§ THE DATA:
============================================================

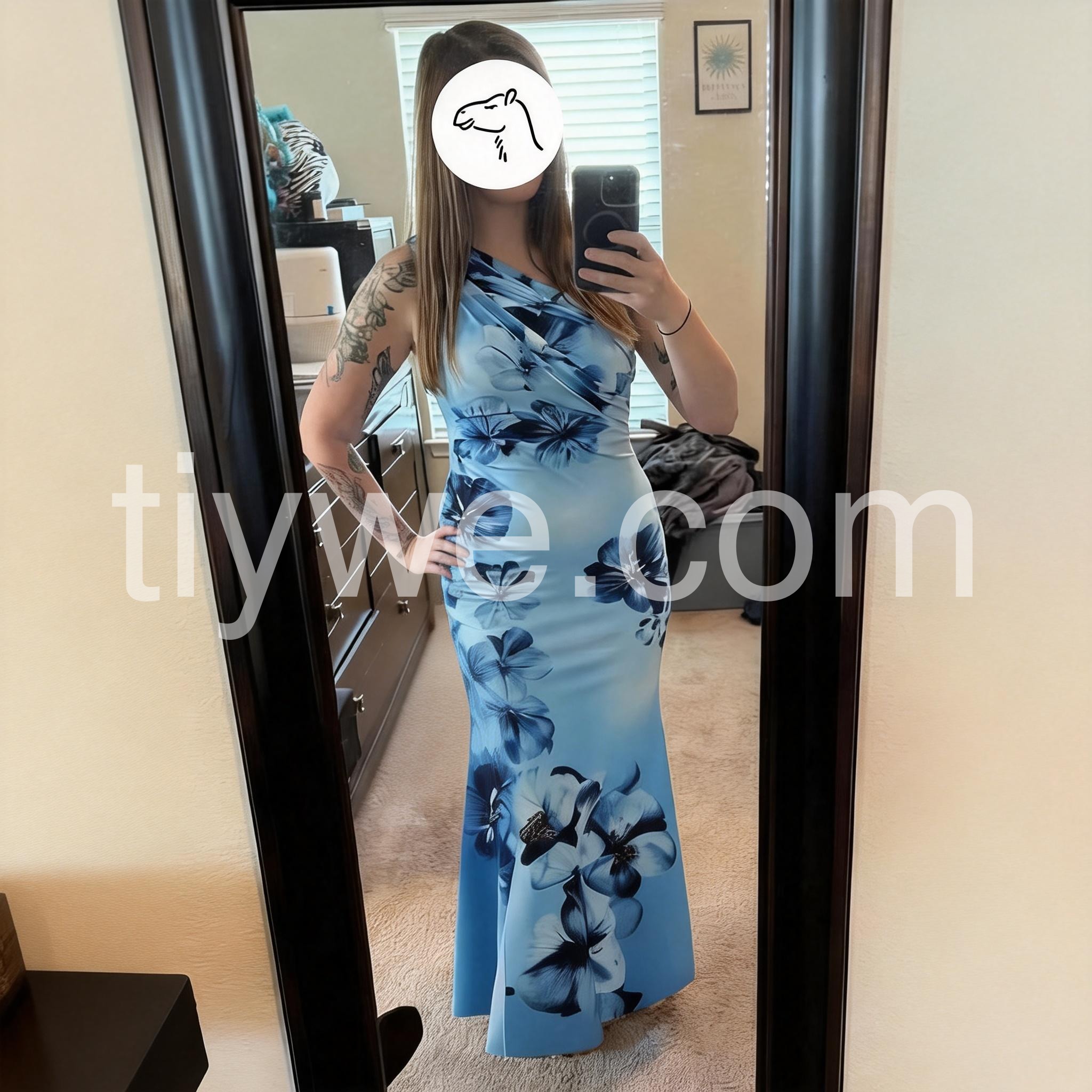 If you want to turn heads, buy this dress. The asymmetrical neckline is super flattering and the blue floral print is unique. I received compliments all night long at my friends destination wedding.
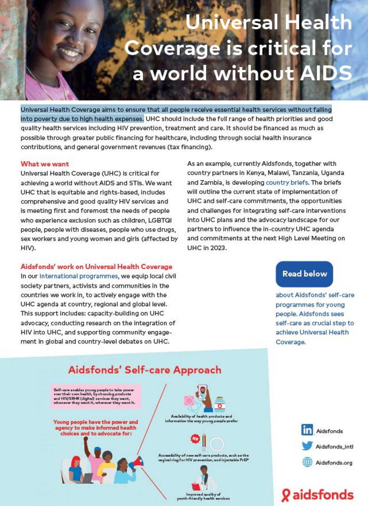 Universal Health Coverage aims to ensure that all people receive essential health services without falling into poverty due to high health expenses. Aidsfonds sees self-care as a crucial step to achieve Universal Health Coverage. This two-pager showcases some recent ambitious self-care projects.
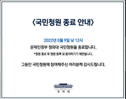 청와대 국민청원 게시판은 이날 공지를 통해 “9일 낮 12시 문재인 정부 청와대 국민청원을 종료한다”며 “청원 종료 후 청원 등록 및 동의하기가 제한된다. 그동안 국민청원에 참여해 주신 여러분께 감사드린다”고 전했다.
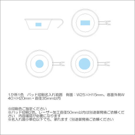 1か所1色 パッド印刷名入れ範囲 側面:W25×H15mm、底面外側W40×H20mm・直径35mm以内

============================================================

§ WHAT TO WORK ON: Pictures are to be omitted; otherwise, write out the data exactly as it appears.

§ PROBLEM SOLUTION:
 If you want to turn heads, buy this dress. The asymmetrical neckline is super flattering and the blue floral print is unique. I received compliments all night long at my friends destination wedding.
 Universal Health Coverage aims to ensure that all people receive essential health services without falling into poverty due to high health expenses. Aidsfonds sees self-care as a crucial step to achieve Universal Health Coverage. This two-pager showcases some recent ambitious self-care projects.
 청와대 국민청원 게시판은 이날 공지를 통해 “9일 낮 12시 문재인 정부 청와대 국민청원을 종료한다”며 “청원 종료 후 청원 등록 및 동의하기가 제한된다. 그동안 국민청원에 참여해 주신 여러분께 감사드린다”고 전했다.
 1か所1色 パッド印刷名入れ範囲 側面:W25×H15mm、底面外側W40×H20mm・直径35mm以内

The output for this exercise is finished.